=== Input ===

○ ○ ○ ○

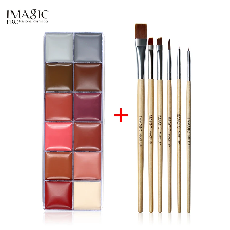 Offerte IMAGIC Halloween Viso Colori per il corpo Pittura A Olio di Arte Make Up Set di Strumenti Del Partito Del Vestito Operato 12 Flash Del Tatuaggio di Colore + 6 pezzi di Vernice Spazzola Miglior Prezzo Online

○ ○ ○ ○

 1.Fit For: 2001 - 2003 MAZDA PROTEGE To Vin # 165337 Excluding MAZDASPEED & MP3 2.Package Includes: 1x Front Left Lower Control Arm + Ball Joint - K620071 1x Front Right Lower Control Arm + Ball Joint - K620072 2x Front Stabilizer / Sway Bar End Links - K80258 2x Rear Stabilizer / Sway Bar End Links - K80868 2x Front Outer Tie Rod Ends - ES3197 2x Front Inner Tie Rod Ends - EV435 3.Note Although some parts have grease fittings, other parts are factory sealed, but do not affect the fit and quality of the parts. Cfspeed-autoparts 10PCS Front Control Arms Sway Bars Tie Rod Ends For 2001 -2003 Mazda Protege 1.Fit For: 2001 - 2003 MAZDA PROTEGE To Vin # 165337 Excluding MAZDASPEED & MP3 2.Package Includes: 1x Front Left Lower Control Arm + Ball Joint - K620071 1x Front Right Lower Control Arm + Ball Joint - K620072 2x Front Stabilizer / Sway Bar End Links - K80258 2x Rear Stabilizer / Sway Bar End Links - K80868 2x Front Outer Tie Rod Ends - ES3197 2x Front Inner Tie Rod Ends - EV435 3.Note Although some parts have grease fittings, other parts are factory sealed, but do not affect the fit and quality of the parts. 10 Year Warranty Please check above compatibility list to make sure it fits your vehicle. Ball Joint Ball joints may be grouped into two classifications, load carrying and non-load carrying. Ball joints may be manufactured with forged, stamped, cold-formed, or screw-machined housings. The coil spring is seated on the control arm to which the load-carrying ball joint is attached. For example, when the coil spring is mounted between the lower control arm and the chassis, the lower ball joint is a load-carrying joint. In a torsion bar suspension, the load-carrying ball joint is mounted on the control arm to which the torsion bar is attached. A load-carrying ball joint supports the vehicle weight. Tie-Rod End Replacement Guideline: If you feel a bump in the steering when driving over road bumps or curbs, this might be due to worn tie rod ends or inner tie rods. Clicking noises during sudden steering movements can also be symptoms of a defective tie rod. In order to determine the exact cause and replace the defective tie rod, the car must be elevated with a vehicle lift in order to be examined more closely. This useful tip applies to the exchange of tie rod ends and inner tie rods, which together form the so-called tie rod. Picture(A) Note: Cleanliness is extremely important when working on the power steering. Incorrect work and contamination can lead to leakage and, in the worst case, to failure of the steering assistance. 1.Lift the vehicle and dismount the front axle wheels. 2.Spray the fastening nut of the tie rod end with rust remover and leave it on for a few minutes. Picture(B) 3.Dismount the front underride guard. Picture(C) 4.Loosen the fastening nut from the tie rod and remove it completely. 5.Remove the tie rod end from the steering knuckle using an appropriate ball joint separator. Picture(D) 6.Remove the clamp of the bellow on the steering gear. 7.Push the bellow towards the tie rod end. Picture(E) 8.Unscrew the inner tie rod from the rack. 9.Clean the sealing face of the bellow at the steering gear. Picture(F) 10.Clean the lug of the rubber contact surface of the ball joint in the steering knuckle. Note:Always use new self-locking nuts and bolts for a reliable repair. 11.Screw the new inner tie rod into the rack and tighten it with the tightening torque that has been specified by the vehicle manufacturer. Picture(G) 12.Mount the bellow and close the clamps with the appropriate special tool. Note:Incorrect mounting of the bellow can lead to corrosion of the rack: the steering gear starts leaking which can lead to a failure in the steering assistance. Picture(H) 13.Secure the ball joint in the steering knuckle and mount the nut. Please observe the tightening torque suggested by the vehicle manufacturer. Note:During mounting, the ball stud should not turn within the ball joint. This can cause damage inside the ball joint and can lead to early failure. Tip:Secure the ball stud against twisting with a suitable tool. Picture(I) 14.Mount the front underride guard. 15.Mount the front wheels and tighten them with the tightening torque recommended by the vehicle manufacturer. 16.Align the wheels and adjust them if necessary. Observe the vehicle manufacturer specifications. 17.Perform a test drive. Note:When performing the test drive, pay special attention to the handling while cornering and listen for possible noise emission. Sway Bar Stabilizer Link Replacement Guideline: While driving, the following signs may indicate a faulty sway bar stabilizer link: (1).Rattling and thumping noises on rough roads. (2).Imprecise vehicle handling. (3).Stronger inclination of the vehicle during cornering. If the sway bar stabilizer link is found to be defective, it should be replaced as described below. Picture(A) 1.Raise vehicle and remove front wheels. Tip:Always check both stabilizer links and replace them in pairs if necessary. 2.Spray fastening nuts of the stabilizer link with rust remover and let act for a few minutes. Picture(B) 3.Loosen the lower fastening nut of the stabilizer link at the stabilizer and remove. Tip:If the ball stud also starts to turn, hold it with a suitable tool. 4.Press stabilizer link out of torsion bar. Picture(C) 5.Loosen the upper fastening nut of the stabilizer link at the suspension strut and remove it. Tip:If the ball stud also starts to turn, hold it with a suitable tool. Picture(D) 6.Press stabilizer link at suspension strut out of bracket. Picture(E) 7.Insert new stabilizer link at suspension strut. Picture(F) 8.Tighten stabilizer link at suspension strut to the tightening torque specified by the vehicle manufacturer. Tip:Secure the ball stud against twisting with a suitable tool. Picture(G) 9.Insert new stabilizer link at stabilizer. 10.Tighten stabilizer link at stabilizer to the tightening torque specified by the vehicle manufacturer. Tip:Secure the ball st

○ ○ ○ ○

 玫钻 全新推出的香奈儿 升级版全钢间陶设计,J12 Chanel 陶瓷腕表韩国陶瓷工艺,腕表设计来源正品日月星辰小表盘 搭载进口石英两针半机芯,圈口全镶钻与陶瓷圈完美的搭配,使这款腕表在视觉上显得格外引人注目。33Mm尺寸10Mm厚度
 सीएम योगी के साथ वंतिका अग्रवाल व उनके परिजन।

○ ○ ○ ○

=== Aim of the exercise ===
From the records above, copy only the lines starting with the line that holds "玫钻 全新推出的香奈儿 升级版全钢间陶设计,J12" and going on through the line that holds "सीएम योगी के", exactly as written.

=== The answer ===
 玫钻 全新推出的香奈儿 升级版全钢间陶设计,J12 Chanel 陶瓷腕表韩国陶瓷工艺,腕表设计来源正品日月星辰小表盘 搭载进口石英两针半机芯,圈口全镶钻与陶瓷圈完美的搭配,使这款腕表在视觉上显得格外引人注目。33Mm尺寸10Mm厚度
 सीएम योगी के साथ वंतिका अग्रवाल व उनके परिजन।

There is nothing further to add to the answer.